# American Airlines Flight 62: A Terrorist Probe?



## syscom3 (Mar 5, 2007)

American Airlines Flight 62: A Terrorist Probe? » The Aviation Nation

The following is an email I received detailing a “serious probe” on board American Airlines flight 62 traveling from Paris to Miami. The information comes to me second-hand — from a trusted source in the field. American Airlines spokesman John Hotard confirmed the incident on flight 62 with me, stating “there was a disturbance on board, it was handled by crew.” I asked Mr. Hotard the status of the men who were detained by FBI. Hotard told me “for security reasons, I can’t comment further.”
American Airlines Logo

Here it is, unedited:

“This is not meant to scare, but it probably will. Consider yourself informed and warned that the threat is real. This crew reported that they were not prepared that something of this nature could be happening to them.

Flt 62, Paris to MIA [Miami], a few weeks ago. 2 maybe 4 mid-eastern types causing minor disturbance from the get-go. Nothing that the FAs [flight attendants] couldn’t deal with, but, in hindsight, they seemed to be pushing the envelope. Cross-cabin activity, hanging out in the forward galley, complaining about everything, etc. Mid-Atlantic, the FO [First Officer, or Co-Pilot] called to return to the cockpit after his crew-rest break. One of the perps [perpetrators] was in the forward galley, was instructed by a FA to go aft, but didn’t. As the cockpit door opened, another perp suddenly appeared from around the galley, dropped his shoulder into FO while the first one got in the way of the FO’s attempt to block the other…here I’m not certain…so….wait for the movie.

FO (one of our first FFDO’s [Federal Flight Deck Officers*]) was about to pull his flashlight to use as a weapon in a counter attack, but thought better of it not knowing how many more perps he might have to fight, called “lockdown” to the FB [secondary “B” First Officer], inside the cockpit, who slammed the door. As soon as the perps heard the word lockdown, they retreated to their seats.

I’m not doing justice to the story, but, if not an attempt on the cockpit, this was a serious probe.

Crew considered divert, but since the threat diminished and seemed to be contained, they pressed on towards MIA. Flight was met in MIA by FBI, FAMS [Federal Air Marshal Service] (none aboard, by the way), AA [American Airlines] Security suits, etc. During the de-brief, which lasted several hours, the FAMs told the pilots that they would have “dropped” both of the perps with the first shove near the cockpit door. Perps claimed to not understand English, were detained for 4 days and deported, back to Paris, when they are free to attend Sunday school, tell their buddies of their Adventure and plan their next move.

 Enjoying the story so far? It’s good we can’t carry guns on Int’l [International] trips, eh?

Upsetting is that we all have to learn of this, by happenstance. Why didn’t you and your last crew know of this? We took a delay yesterday while this FB detailed the entire event to my crew. Believe me, there were no disbelievers that the terrorist threat is real in my crew by the time we boarded.

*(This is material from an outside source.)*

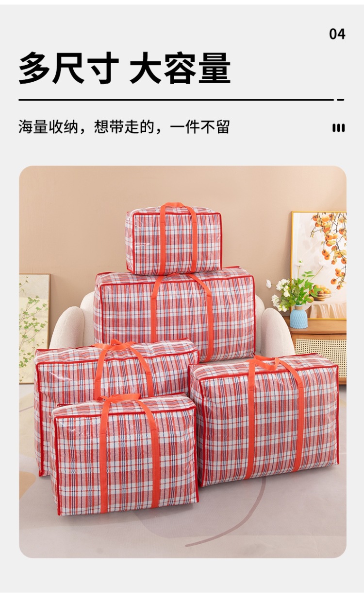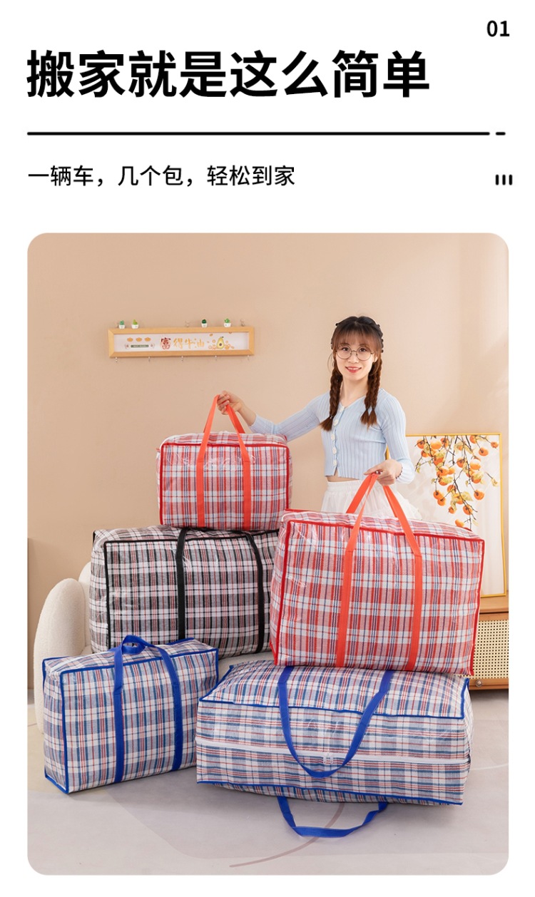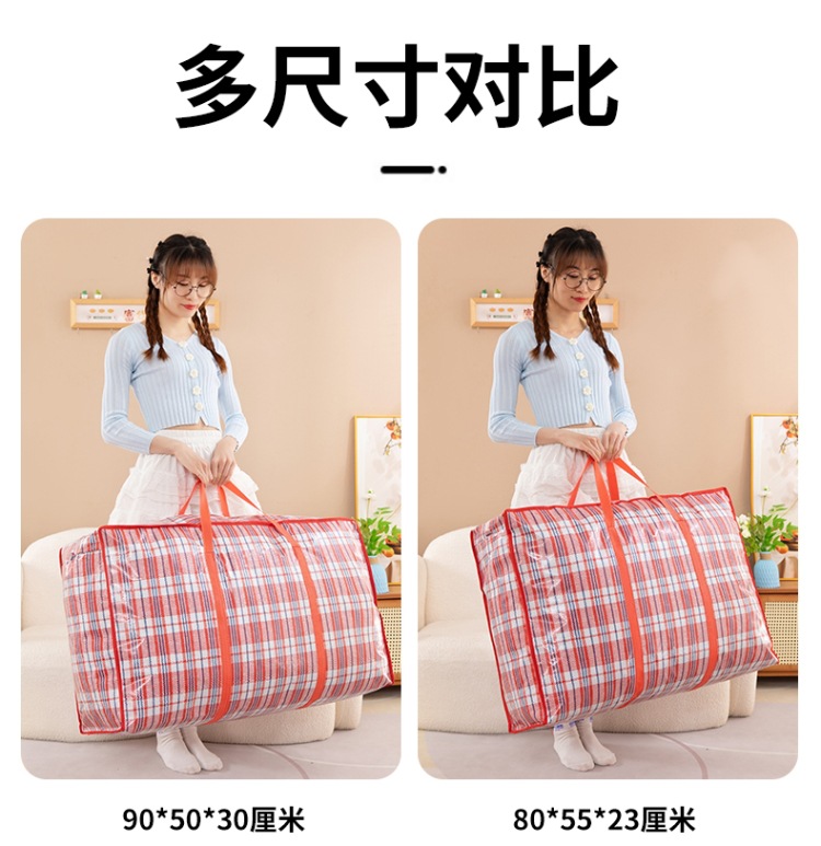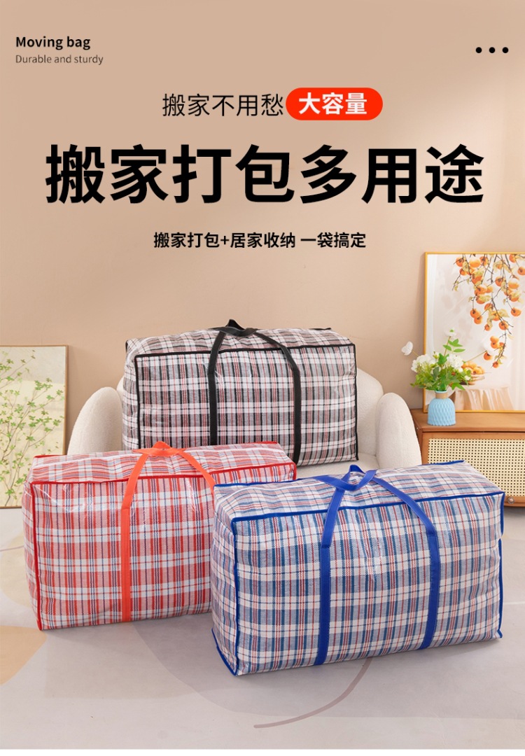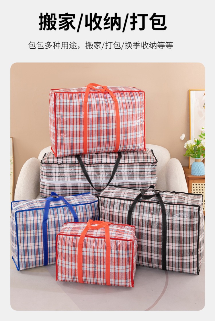 두꺼운 이사 포장 가방 격자무늬 손잡이 달린 짠 가방 수하물 가방 초대형 용량 의류 이불 보관 가방 도매스토어 가기

I’m more than upset that this is still a secret! The FB is a man I’ve flown with often, trust completely and attended FFDO (Federal Flight Deck Officer) training with a year ago January. I hope I’ve presented his story accurately, but am certain that the basic details are very close.

On a separate note, American Airlines flight 63, also traveling from Paris to Miami, was the subject of a thwarted terrorist attack in December of 2001 when “shoe bomber” Richard Reid tried to bring down the aircraft by igniting explosives hidden in his shoes. Reid was later found guilty of terrorism charges in federal court in Massachusetts and sentenced to life in prison.
* Armed Federal Flight Deck Officers are not allowed to carry their guns while flying international routes.


----------



## DerAdlerIstGelandet (Mar 6, 2007)

**** that! Pilot should be armed in my opinion.


----------



## Matt308 (Mar 6, 2007)

Company decision not to allow them. Legally they can be armed. With some hoops to jump through first ofcourse.


----------



## DerAdlerIstGelandet (Mar 6, 2007)

I think atleast someone on the plane should be armed.


----------



## syscom3 (Mar 6, 2007)

This is the 2nd such "probe" I have heard of.

Whats scarey for me is not the hijacking of a US airplane for another suicide mission, but a foreign airliner, being used against us.

Ive also never figured out why a cargo plane (regular scheduled or charter) hasnt been used for a mission.


----------



## DerAdlerIstGelandet (Mar 6, 2007)

I agree, and we dont have the ways to inforce our laws on other countries airlines.


----------



## Matt308 (Mar 6, 2007)

Cargo planes are a big issue currently with TSA and Homeland Security. We've already had one auger in with a disgruntled pilot. While not terrorism, certainly a hint at our vulnerability.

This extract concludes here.